By reviewing these parameters, you can identify and address potential bottlenecks in your workflow.

How do I choose values for parallelism and per-DAG limits?

To configure concurrency in Apache Airflow, it's all about aligning your system's capacity with the demands of your workflows. Start with core.parallelism, which sets the maximum number of task instances that can run across your entire environment. This value is multiplied by the number of active schedulers.

At the DAG level, you can fine-tune concurrency further. Use max_active_tasks_per_dag to cap the number of active tasks within a single DAG, helping to avoid overloading your resources. Similarly, adjust max_active_runs_per_dag to control the number of concurrent runs or backfills for a specific DAG.

If you notice tasks lingering in the "scheduled" state even though resources seem available, it's worth revisiting these limits. For more granular control, Airflow pools can help you manage task execution based on resource availability.
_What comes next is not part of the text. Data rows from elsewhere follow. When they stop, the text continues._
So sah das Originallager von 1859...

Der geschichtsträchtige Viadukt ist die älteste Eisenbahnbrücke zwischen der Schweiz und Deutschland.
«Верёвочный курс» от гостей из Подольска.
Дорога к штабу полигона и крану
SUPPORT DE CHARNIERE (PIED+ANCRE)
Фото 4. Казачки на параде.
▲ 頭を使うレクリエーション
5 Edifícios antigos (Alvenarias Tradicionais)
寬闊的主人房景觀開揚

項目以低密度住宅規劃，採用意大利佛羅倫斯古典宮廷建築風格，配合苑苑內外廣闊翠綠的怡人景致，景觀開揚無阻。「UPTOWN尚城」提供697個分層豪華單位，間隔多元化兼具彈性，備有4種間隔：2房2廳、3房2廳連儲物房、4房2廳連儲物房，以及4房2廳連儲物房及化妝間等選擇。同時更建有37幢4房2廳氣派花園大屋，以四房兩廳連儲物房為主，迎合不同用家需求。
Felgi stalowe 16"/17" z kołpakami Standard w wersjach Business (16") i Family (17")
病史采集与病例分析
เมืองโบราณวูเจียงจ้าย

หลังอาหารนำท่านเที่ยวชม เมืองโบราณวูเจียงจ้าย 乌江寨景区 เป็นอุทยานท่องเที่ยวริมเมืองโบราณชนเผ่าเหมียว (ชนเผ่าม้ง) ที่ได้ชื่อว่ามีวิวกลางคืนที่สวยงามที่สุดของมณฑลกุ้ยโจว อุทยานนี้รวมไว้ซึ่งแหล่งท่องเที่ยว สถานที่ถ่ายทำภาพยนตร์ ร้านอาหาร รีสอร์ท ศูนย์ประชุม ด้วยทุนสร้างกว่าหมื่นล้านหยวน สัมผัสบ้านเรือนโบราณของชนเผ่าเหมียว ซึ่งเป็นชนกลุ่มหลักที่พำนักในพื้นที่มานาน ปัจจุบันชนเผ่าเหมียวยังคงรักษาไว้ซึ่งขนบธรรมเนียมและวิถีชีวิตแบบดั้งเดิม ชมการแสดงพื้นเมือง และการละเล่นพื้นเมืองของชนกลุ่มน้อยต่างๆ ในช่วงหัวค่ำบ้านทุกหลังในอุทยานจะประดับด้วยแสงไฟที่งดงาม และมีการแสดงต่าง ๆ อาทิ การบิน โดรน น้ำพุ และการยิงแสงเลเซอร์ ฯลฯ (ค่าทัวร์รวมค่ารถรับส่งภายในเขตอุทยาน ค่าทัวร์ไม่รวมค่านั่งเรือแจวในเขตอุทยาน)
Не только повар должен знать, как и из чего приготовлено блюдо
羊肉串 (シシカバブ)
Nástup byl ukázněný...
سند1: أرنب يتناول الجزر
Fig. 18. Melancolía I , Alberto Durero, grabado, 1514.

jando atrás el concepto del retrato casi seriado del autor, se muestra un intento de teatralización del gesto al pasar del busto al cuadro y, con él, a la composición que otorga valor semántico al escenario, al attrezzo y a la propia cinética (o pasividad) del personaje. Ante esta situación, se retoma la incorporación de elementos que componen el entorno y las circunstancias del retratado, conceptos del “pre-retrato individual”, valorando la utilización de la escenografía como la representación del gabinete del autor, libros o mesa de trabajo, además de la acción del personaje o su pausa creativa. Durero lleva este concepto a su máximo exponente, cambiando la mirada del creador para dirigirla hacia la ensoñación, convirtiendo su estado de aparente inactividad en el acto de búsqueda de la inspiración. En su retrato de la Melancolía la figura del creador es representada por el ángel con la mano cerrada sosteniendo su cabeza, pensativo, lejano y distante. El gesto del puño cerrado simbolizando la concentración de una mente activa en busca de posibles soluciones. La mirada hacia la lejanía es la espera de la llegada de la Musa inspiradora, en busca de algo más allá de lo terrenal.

This way, you can ensure a smoother workflow without overwhelming your infrastructure.

When should I use pools instead of raising concurrency?

Using pools is a smart way to manage parallel execution for tasks that rely on shared resources like APIs or databases. While concurrency settings at the DAG level help control the number of tasks running within a single DAG, pools take it a step further by managing shared slots across multiple DAGs. This prevents external systems from being overwhelmed.

Pools also offer more precise control by using pool_slots. By assigning these slots to tasks, you can ensure that resource-intensive operations are handled in a balanced and efficient way.